La Cour relève que Monsieur [H] a été privé du bénéfice qu’aurait dû lui procurer les actions de formation devant être menées à l’occasion de chacun des deux P.E.C. contractés, lesquelles auraient constitué un atout dont il aurait pu se prévaloir sur le marché de l’emploi. En violant son obligation de formation, l’employeur lui a ainsi causé un préjudice qu’il convient d’indemniser à hauteur de 1.000€.

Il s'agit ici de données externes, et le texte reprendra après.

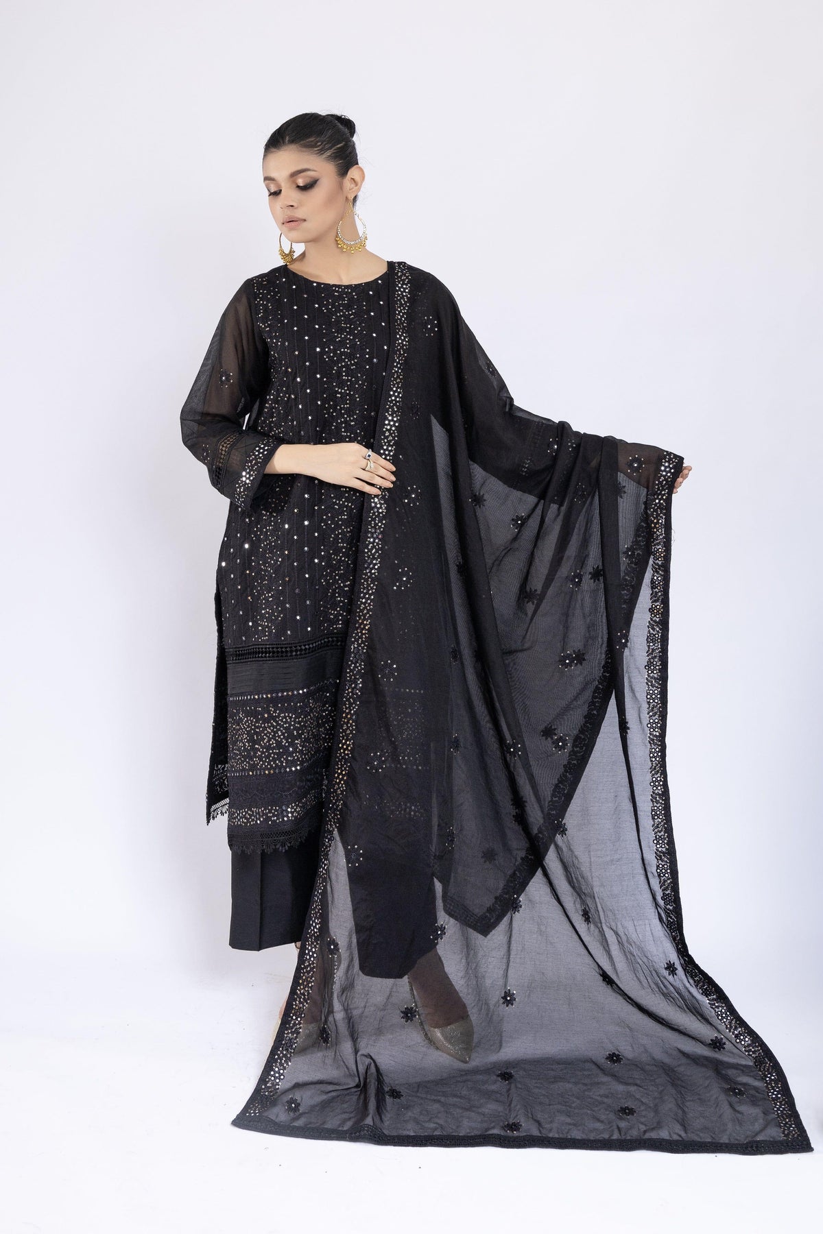 Sadia Aamir - Lailah - Black Organza Embroidered Shirt and Dupatta with Culottes - 3 Piece - Studio by TCS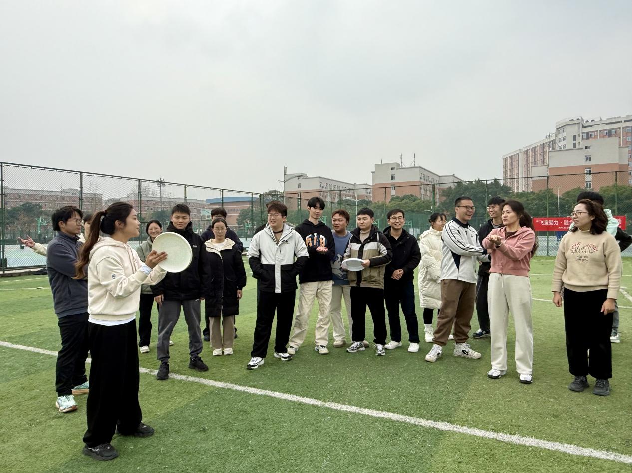 活动在“破冰启航”环节中拉开序幕。随着简短有力的开场热身动员结束,负责老师随即开展了飞盘基础技巧教学。紧接着,“姓名传递”的破冰游戏迅速打破了初识的拘谨,让博士与硕士党员们在欢声笑语中快速熟络起来。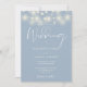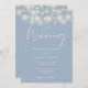 This elegant script dusty blue wedding invitation, featuring pretty string lights, can be personalized with your information in chic typography with your wedding website details and your QR code on the reverse. Designed by Thisisnotme©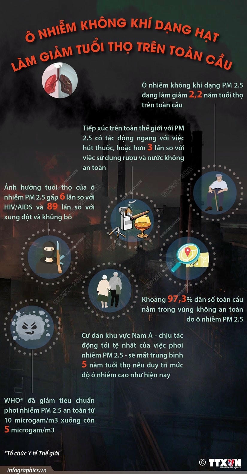 Ảnh hưởng tới tuổi thọ của ô nhiễm hạt mịn PM 2.5 cao gấp 6 lần so với HIV/AIDS và cao gấp 89 lần so với xung đột và khủng bố gây ra.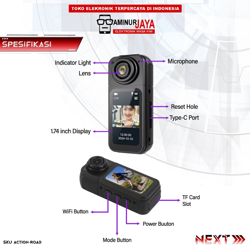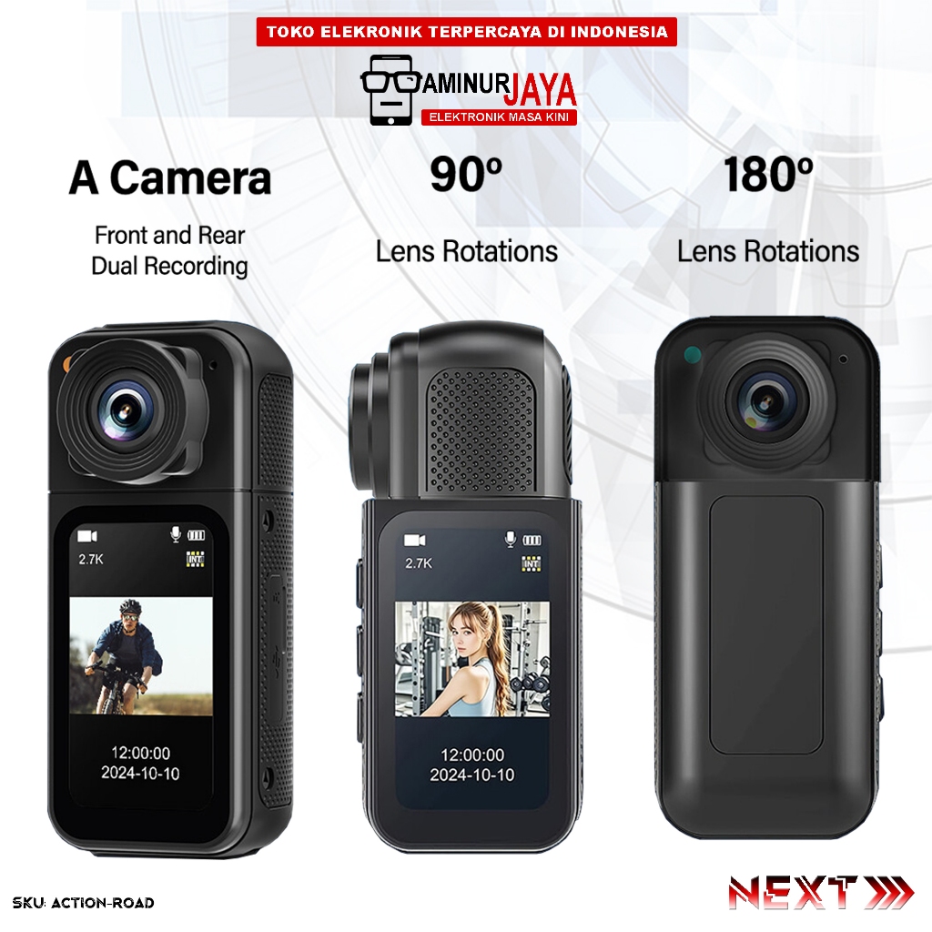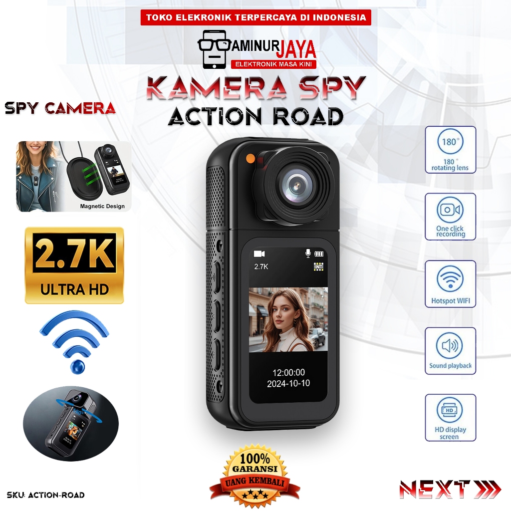 AminurJaya Mini Action Kamera WiFi 2.7K UHD 12MP 180° Rotasi Magnetik Spy Camera Roadcam ACTIONROAD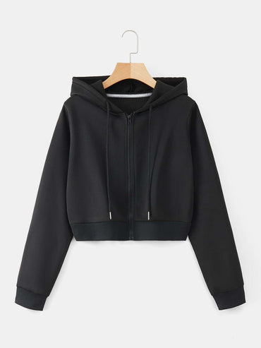Details: Drawstring, Pocket Neckline: Hooded Sleeve Type: Drop Shoulder Style: Casual Color: Black Pattern Type: Plain Top Type:...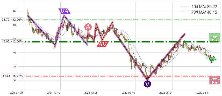 ♘ 阻力价格位43.92,可信任强度92.39%,距离最后交易2022-08-12形成的收盘价格39.04相差 +12.50%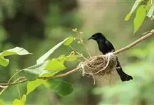 发冠卷尾是中型鸟类,体长28-35厘米。通体绒黑色缀蓝绿色金属光泽,额部具发丝状羽冠,外侧尾羽末端向上卷曲。栖息于海拔1500米以下的低山丘陵和山脚沟谷地带,多在常绿阔叶林、次生林或人工松林中活动。…全部>>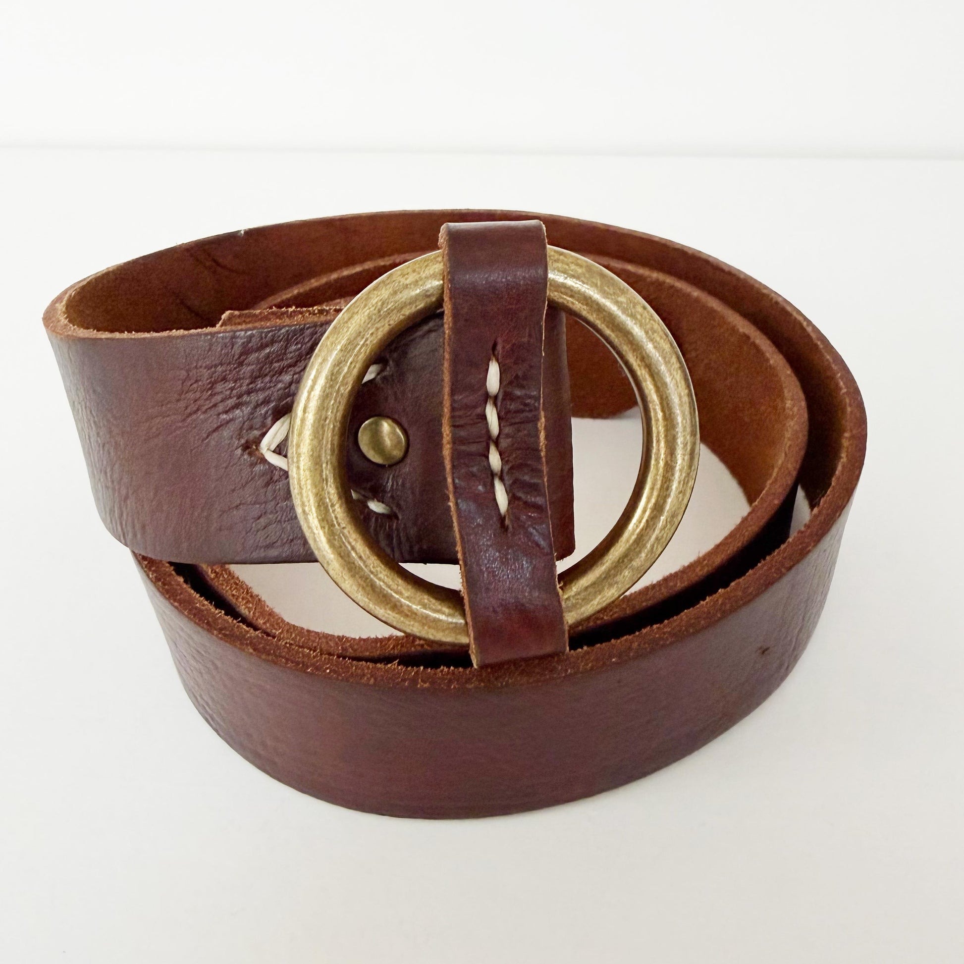 Cinturón de Cuero Marrón con Hebilla Circular Dodada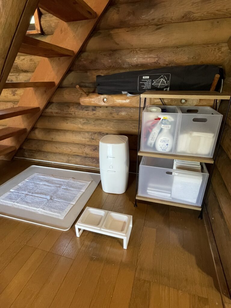 岩井ロッジではペットとの宿泊が可能です。犬用の食器やトイレシート、コットなど必要なものは一通り用意してあります。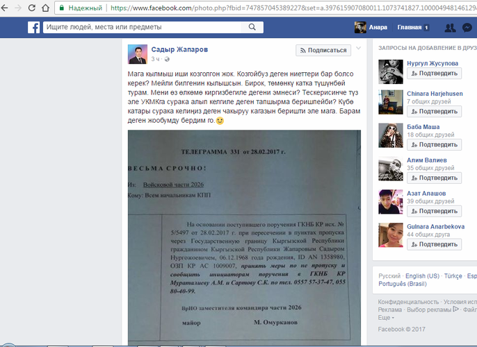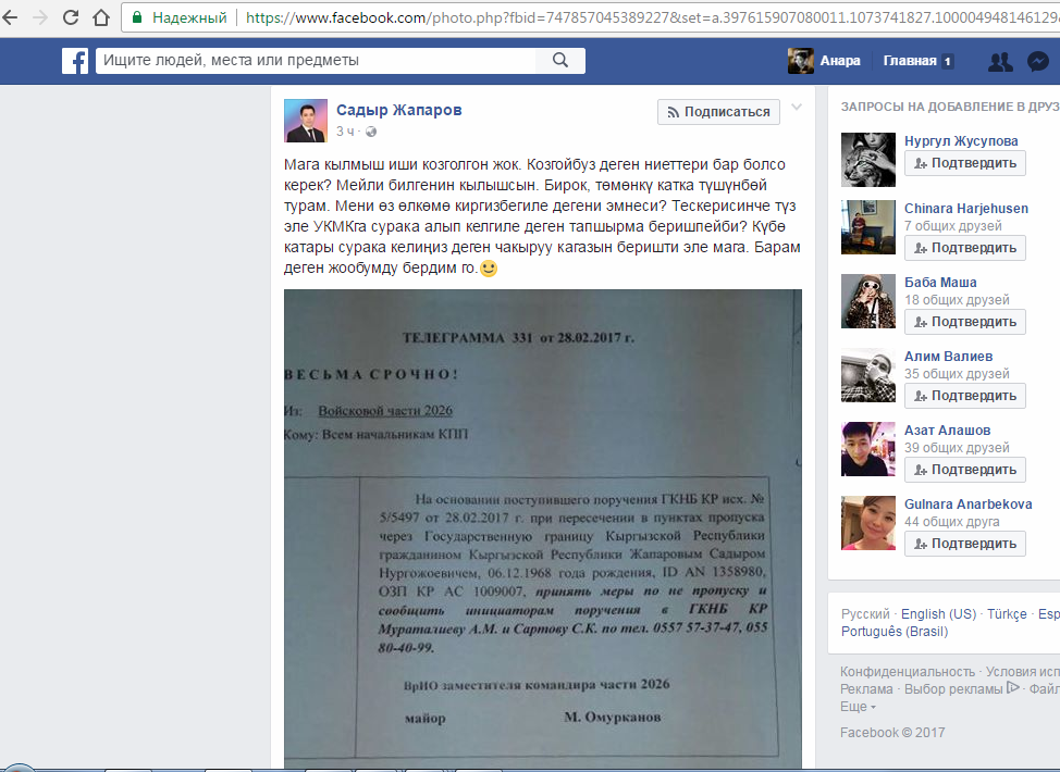 «На основании поступившего поручения ГКНБ КР исх.№ 5/5497 от 28.02.2017 при пересечении в пунктах пропуска через государственную границу КР гражданином Жапаровым Садыром Нургожоевичем, 06.12.1968 года рождения ID AN 1358980 ОЗП КР АС 1009007, принять меры по непропуску и сообщить инициаторам поручения в ГКНБ КР Мураталиеву А.М и Сартову С.К.», — говорится в документе.

Sur le remboursement à l’Etat des aides perçues par la C.I.V.I.S. pour l’embauche de Monsieur [H] en contrat aidé
L’employeur n’ayant pas respecté ses engagements en matière de formation à l’égard de Monsieur [H], la Cour ordonne le remboursement des aides perçues par la C.I.V.I.S. pour l’embauche du salarié en contrat aidé conformément aux dispositions de L’article L. 5134-114 du Code du travail.
Sur les autres demandes
La C.I.V.I.S., prise en la personne de son representant legal, sera condamnée aux dépens de première instance et d’appel et au paiement de la somme de 2.000 euros au titre de l’article 700 du code de procédure civile et, par voie de conséquence, déboutée de sa demande présentée sur ce fondement.
PAR CES MOTIFS
La cour, statuant publiquement et par arrêt contradictoire, mis à disposition au greffe,
INFIRME le jugement rendu par le Conseil de Prud’hommes de Saint PIERRE en date du 13 juin 2024, sauf en ce qu’il a rejeté la demande de rappel sur salaire et débouté Monsieur [H] de sa demande d’indemnité pour travail dissimulé ;
STATUANT A NOUVEAU :
CONSTATE que l’employeur n’a pas respecté son obligation de formation et de tutorat afférentes au contrat aidé ;
REQUALIFIE le contrat aidé P.E.C. à durée déterminé en contrat de travail à durée indéterminée;
JUGE que la rutpture de la relation s’analyse en un licenciement est sans cause réelle et sérieuse;
CONDAMNE la C.I.V.I.S. prise en la personne de son représentant légal au versement des sommes suivantes :
— 1 446.90 euros à titre d’indemnité de requalification ;
— 2 893.80 euros à titre d’indemnité de préavis ;
— 289.38 euros au titre des congés payés afférents ;
— 723.45 euros à titre d’indemnité de licenciement ;
— 4.340,70 euros à titre d’indemnité pour licenciement sans cause réelle et sérieuse ;
— 1.000 euros à titre de dommages et intérêts pour le préjudice distinct
ORDONNE le remboursement à l’Etat des aides perçues par la C.I.V.I.S. pour l’embauche de Monsieur [H] en contrat aidé ;
CONDAMNE la C.I.V.I.S. prise en la personne de son représentant légal à verser à Monsieur [H] la somme de 2 000 euros en application de l’article 700 du code de procédure civile ainsi qu’aux entiers dépens.
Le présent arrêt a été signé par Madame Corinne Jacquemin, présidente de chambre, et par Mme Delphine Schuft, greffière, à laquelle la minute de la décision a été remise par le magistrat signataire.